Las reticencias masculinas han supuesto otro obstáculo. Emma ha tenido discípulos clasificados para un Mundial que preferían asistir de incógnito ante los suyos. «Hoy ya no hay ese estigma. Y si lo hay, les da igual. Afortunadamente hemos evolucionado desde el machirulismo. Pero el baile siempre ha sido más de mujeres que de hombres», admite. Lo que implicaba un problema aritmético en la conformación de las parejas. Descubrió la solución en 2011, durante un evento en Chile al que asistió como jueza.

–Tienes que juzgar «all ladies».

–¿Qué es eso?

«Yo estaba allí, con mi mente cuadriculada», admite. «Y salen grupos de chicas». Emma lo relató a la federación a su regreso. La modalidad de danza coreográfica se habilitaría un par de años después. «Todo empezó a ser más fácil, más interesante». En el extremo contrario, se ha puesto de moda el baile en solitario, abriéndose así a cualquier tipo de apetencia.

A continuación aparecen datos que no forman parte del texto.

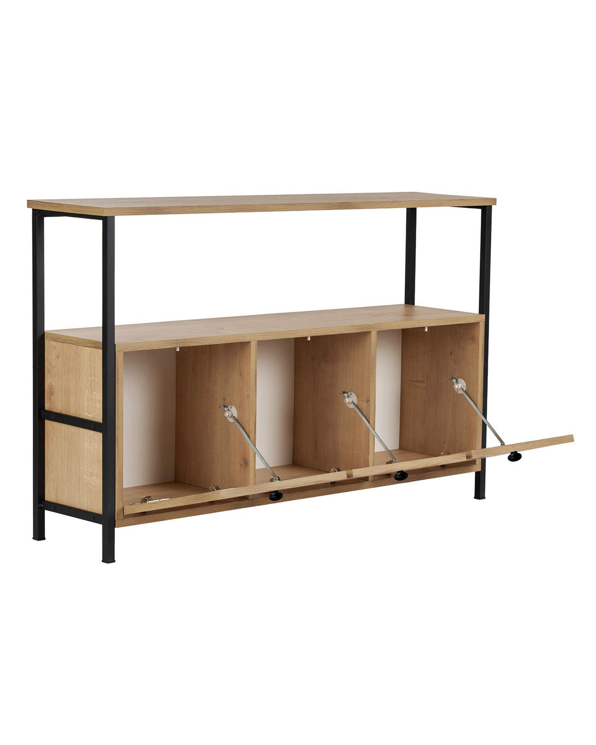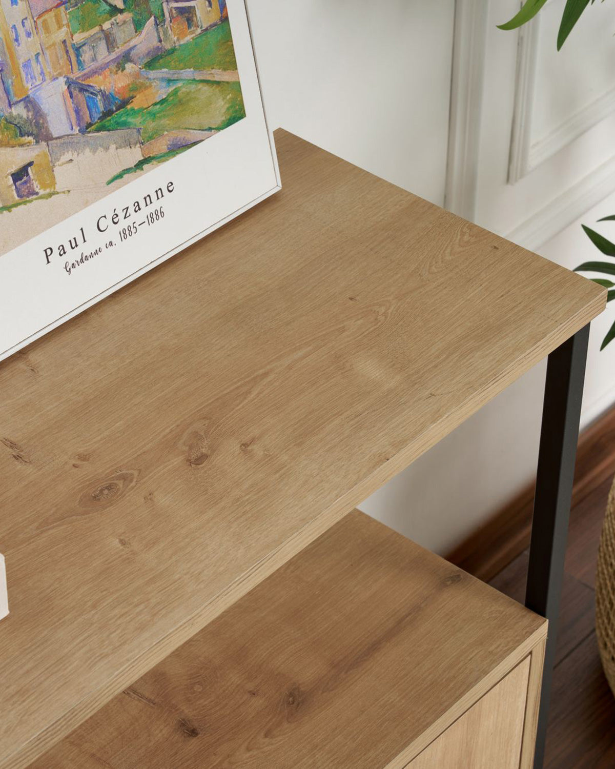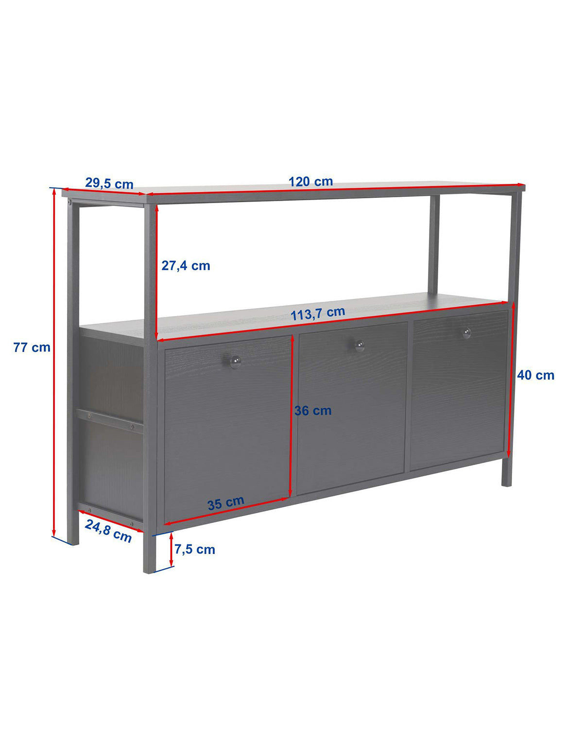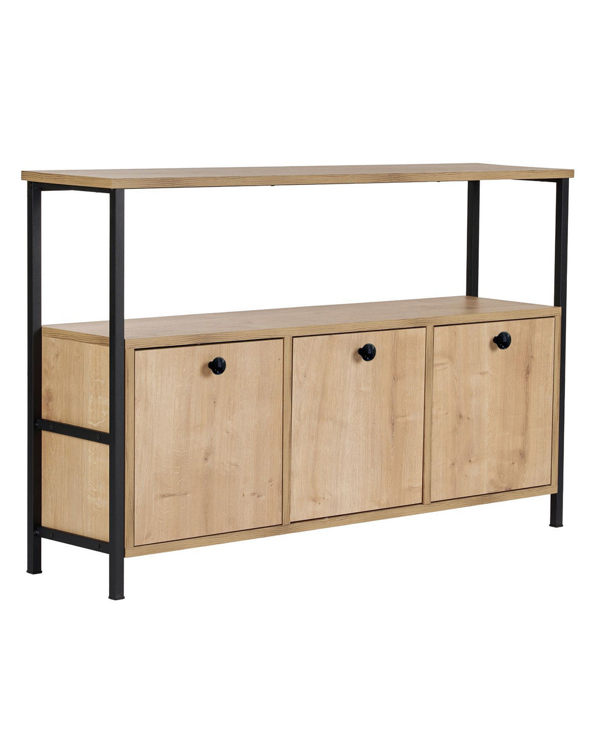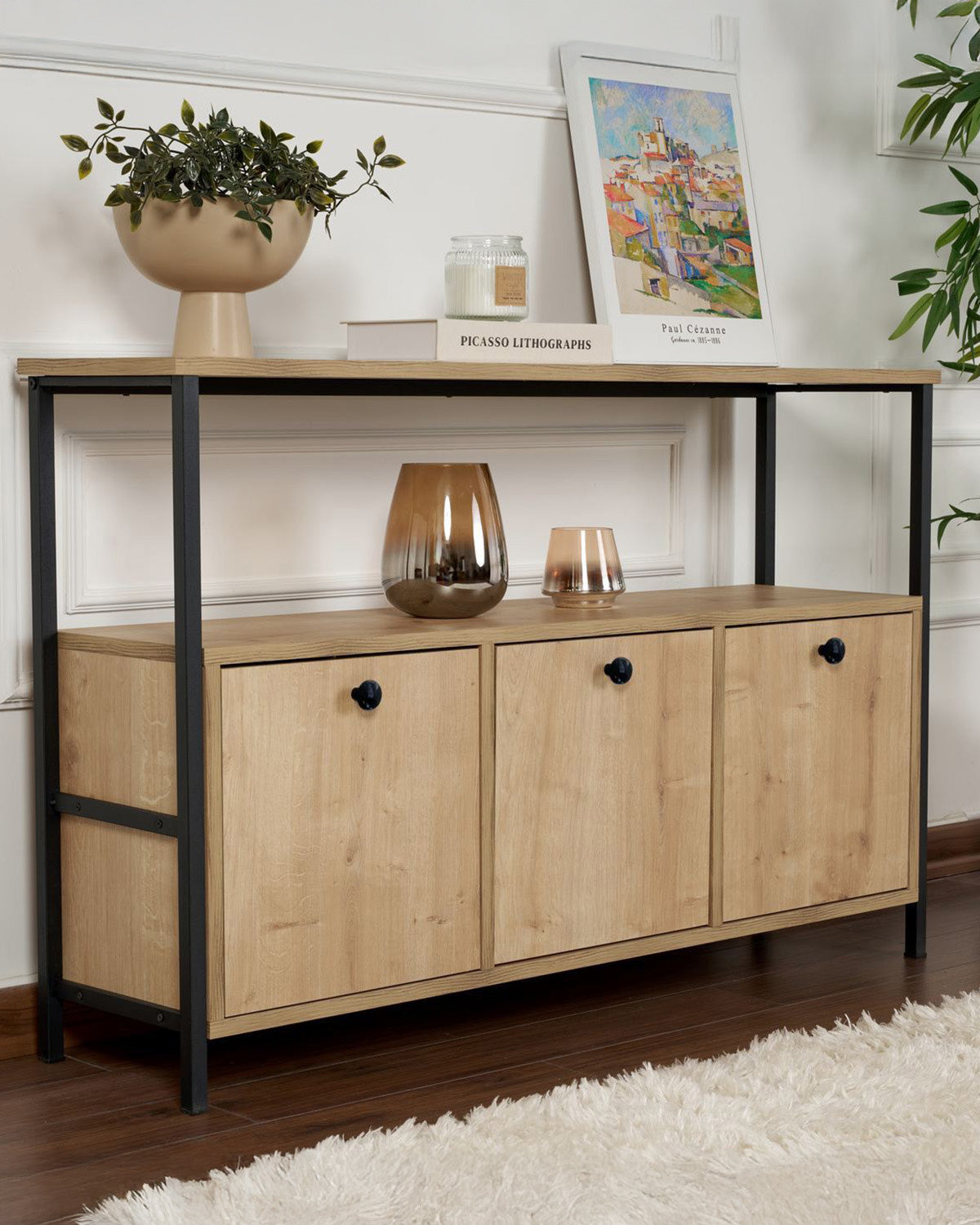 - El aparador Lorrie destaca por su carácter sobrio y elegante, con un acabado en madera oscura que aporta profundidad y un estilo más sofisticado. Su diseño minimalista con estructura en color negro crea un efecto visual equilibrado, ideal para salones o comedores de estética industrial o contemporánea. Dispone de tres puertas que esconden un espacio interior generoso para mantener el orden y almacenar todo tipo de objetos del día a día. Fabricado en tablero de partículas melaminizado, combina durabilidad con una textura agradable y fácil mantenimiento. Las patas metálicas elevan el mueble, aportando ligereza y estabilidad a la composición. Una pieza versátil que se adapta a distintos entornos decorativos, desde interiores modernos hasta ambientes más cálidos. Su superficie superior permite añadir detalles decorativos o piezas de iluminación. Requiere un mantenimiento mínimo: basta con un paño ligeramente humedecido y secado posterior para conservar su acabado.
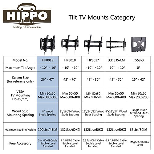 -. Binding : Personal Computers -. Brand : HIPPO -. Color : Black -. EAN : 6801649419697 -. Feature : Universal Open Plate Design: Fits most 15"- 37" (some up to 47") monitors weighing up to 100 lbs, VESA up to 300x300mm. Fits TVs with mounting holes as close as 2"x2" or as wide as 12"x12" (VESA 50x50mm to 300x300mm) / Tilt and Profile: -10°~ +10° tilt for better viewing and reduce window glare. Place your TV 2.6" from the wall, leaving easy access to cables and cords / Safety Lock with easy pull down strips: Secures your TV in place from accidental lift off / Heavy gauge steel construction provides 100 lbs loading capacity. VESA plate can be taken off for easy installation by one person / Quick and easy installation: Fits 8" wood studs plus concrete wall, with all hardware included and pre-divided. (5 ft high speed braided HDMI cable included) -. Label : HIPPO -. Manufacturer : HIPPO -. ManufacturerPartsWarrantyDescription : Replacement parts provided free the first year. -. Model : FBA_HP8019 -. MPN : FBA_HP8019 -. PackageQuantity : 1 -. PartNumber : FBA_HP8019 -. ProductGroup : CE -. ProductTypeName : COMPUTER_COMPONENT -. Publisher : HIPPO -. Studio : HIPPO -. Title : HIPPO TV Wall Mount Tilting Bracket for Most 15" 17" 19" 20" 22" 23" LED LCD Plasma Flat Screen TVs up to 100 Lbs VESA up to 300x300 Security Lock 5 ft HDMI Cable
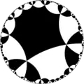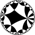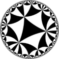 The dual of the tiling represents the fundamental domains of (*664) orbifold symmetry. From [(6,6,4)] (*664) symmetry, there are 15 small index subgroup (11 unique) by mirror removal and alternation operators. Mirrors can be removed if its branch orders are all even, and cuts neighboring branch orders in half. Removing two mirrors leaves a half-order gyration point where the removed mirrors met. In these images fundamental domains are alternately colored black and white, and mirrors exist on the boundaries between colors. The symmetry can be doubled to 862 symmetry by adding a bisecting mirror across the fundamental domains. The subgroup index-8 group, [(1+,6,1+,6,1+,4)] (332332) is the commutator subgroup of [(6,6,4)].
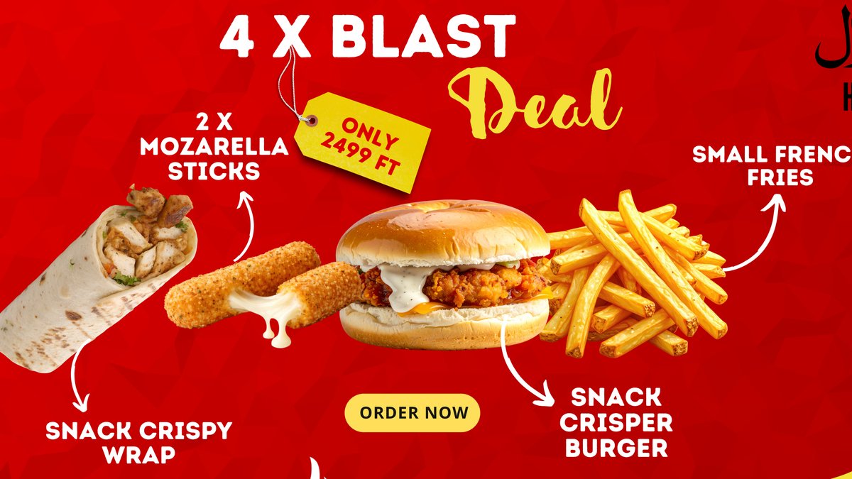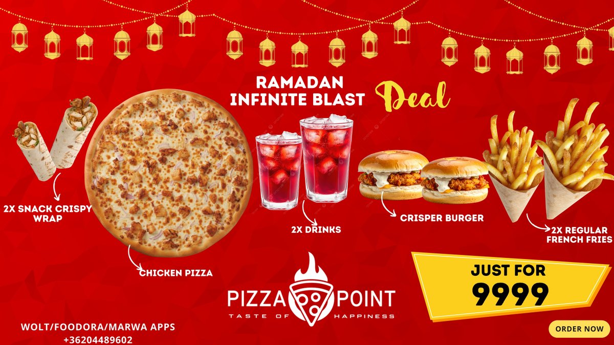 RAMADAN INFINITE DEAL ( CHIKEN PIZZA, 2 DRINK, 2 BURGERS, 2 CRISPERS WRAP, 2 S FRIES)

Colores al Compás, en el podio del Circuito Ibérico.

Colores al Compás, en el podio del Circuito Ibérico. / Cedida

Tiene Emma alumnos en competición entre 7 y 60 años, parejas entre las mejores del mundo y equipos como Colores al Compás, que llegó a ser el más nutrido del país con 22 componentes. «Por la universidad, por la vida», el grupo se ha reducido a nueve. Los que, con algún cambio en la formación, en 2025 conquistaron la medalla de bronce en el Mundial y hace un par de semanas ganaron la primera prueba del Circuito Ibérico. En cada número, de tres minutos y medio a tope, se evalúan musicalidad, sincronización, técnica y coreografía. A todos les estructura los pasos y les diseña los trajes. Realiza el montaje (a Aretha Franklin, en original o versiones, y a Estopa, en popurrí, los ha empleado en sus últimos éxitos) y cose la pedrería.

«La danza deportiva es todavía bastante desconocida», advierte, reiterándose en su misión apostólica, pero también satisfecha con lo ya recorrido. Ella, que dosifica a sus equipos las competiciones por «priorizar los estudios», si acaso, presume de que una de sus hechuras logró plaza en la universidad gracias a su condición de deportista de alto nivel (DGAN) o de que en recursos humanos de las empresas valoren sus currículos. El logro de aquella niña que bailaba en la calle.